Photo SynthesisAn Insatiable Addiction
After opening the book and flipping through a few pages, I had the same feeling that I imagine an addict gets every time they begin to stick a needle in their arm. My appetite for Historic Hungary became instantaneously insatiable as I flipped through the pages. Large photos, some of which were spread across two pages, transported me backwards by over a century. Here was the largest city and de facto capital of Transylvania, Koloszvar, shown in a panoramic view. I had never seen the city this way, long before modernity had coated its surroundings with development. From this late 19th century vantage point I could make out one of the most enduring artifacts bequeathed to future generations by the Saxons, the Gothic inspired greatness of St. Michael’s Church. I had stood in the church’s shadow a year earlier. Now with the help of this photograph I could look back at both the 19th century and myself. In any photo that captures our interest, we always see something of ourselves. Even if it is just a glimpse, memorable photos have a way of drawing us in and making us part of more than the scenery. We find ourselves on the inside looking outward, a reflection in reverse.

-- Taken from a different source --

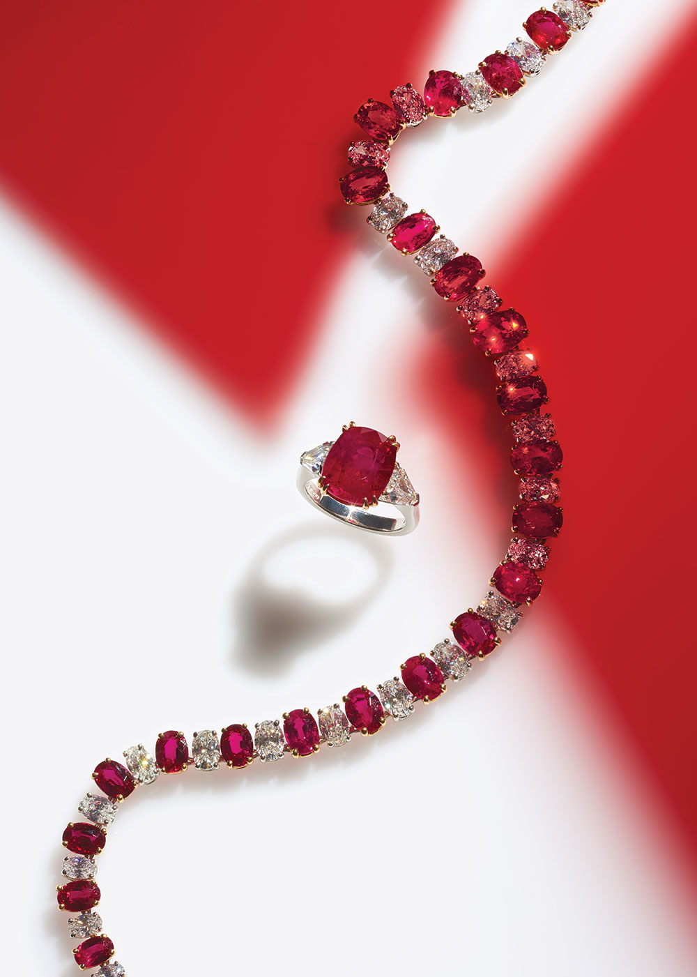 Ring in platinum with a Burmese ruby and diamonds, price on request, Jack Abraham, NYC, 212-688-6700, jackabraham.com; necklace in platinum and 18k gold with Burmese rubies and diamonds, price on request, Oscar Heyman, NYC, 212-593-0400, oscarheyman.com

One of the more entrancing photos in the book showed Kazan Pass in the Iron Gates area of the Danube. Despite the spectacular subject matter, this photo evoked an abiding sadness within me. During the latter half of the 20th century, this natural wonder was submerged beneath a reservoir. The urge to harness nature for industrial strength usage effectively drowned much of the Iron Gates in a watery grave. Today, the mighty Danube scarcely flows at all through the area, an exceedingly poor representation of the river that once raged through that spectacular defile. While Hungarians wish to the point of desperation that this area was still part of their nation, I looked forward to something much more inevitable, albeit hundreds of years into the future, when the dam that had drowned the Iron Gates gave way. Then the river would freely flow once again. Sadly, I would not live long enough to see it. That thought did not stop me from dreaming. The book, with one stunning photo after another, stimulated my imagination.

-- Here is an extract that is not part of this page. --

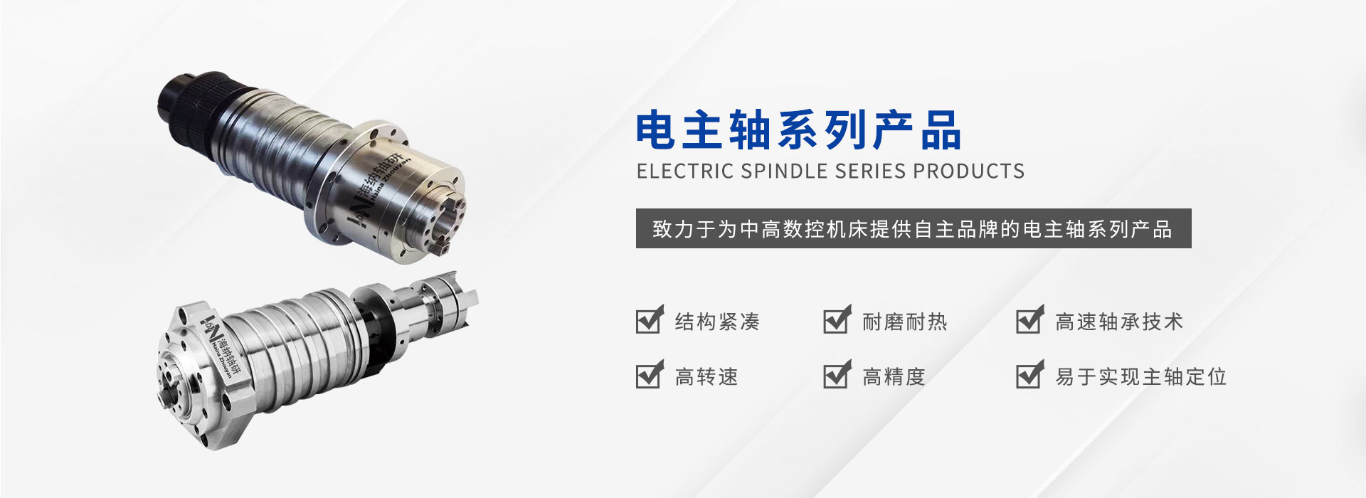 公司致力于為中高數(shù)控機床提供自主研發(fā)自主品牌的電主軸系列產(chǎn)品,通過堅持不懈的技術(shù)攻關(guān)和持之以恒的品質(zhì)管理,嚴格生產(chǎn)工序控制,售前售后的緊密跟蹤逐步形成一套完整成熟的業(yè)務(wù)體系。為不同類型機床提供主軸設(shè)計,現(xiàn)有數(shù)控車床主軸單元,數(shù)控車床電主軸、加工中 心電主軸及直聯(lián)機械主軸,走心車床電主軸,機械主軸,磨床電主軸,光伏主軸等系列主軸產(chǎn)品。

Historicism at the Millennium Exhibition - Ignac Alpar's Recreation of Vadjahunyad Castle in the Varosliget (City Park)

Historicism at the Millennium Exhibition – Ignac Alpar’s Recreation of Vadjahunyad Castle in the Varosliget (City Park)

Frozen in Time  – An Album of Photographic Evidence
Many of the photos showed places that were unfamiliar to me. These included buildings, natural landscapes, castles, churches and ruins that were in the old pre-World War I Kingdom of Hungary, but now could only be found by crossing into the nations that swallowed them up during the post-World War I peace process. I had never seen so much tangible evidence of the beauty, history and geography of Historic Hungary until I cracked open this book. The Millennium of Hungary National Exhibition was an album filled with photographic artifacts. Most of the places still exist, but they have been irreparably altered by modernity. One hundred and twenty years does not seem like that long ago, until you see compelling evidence of just how much has changed. The Hungary shown in this book really was history.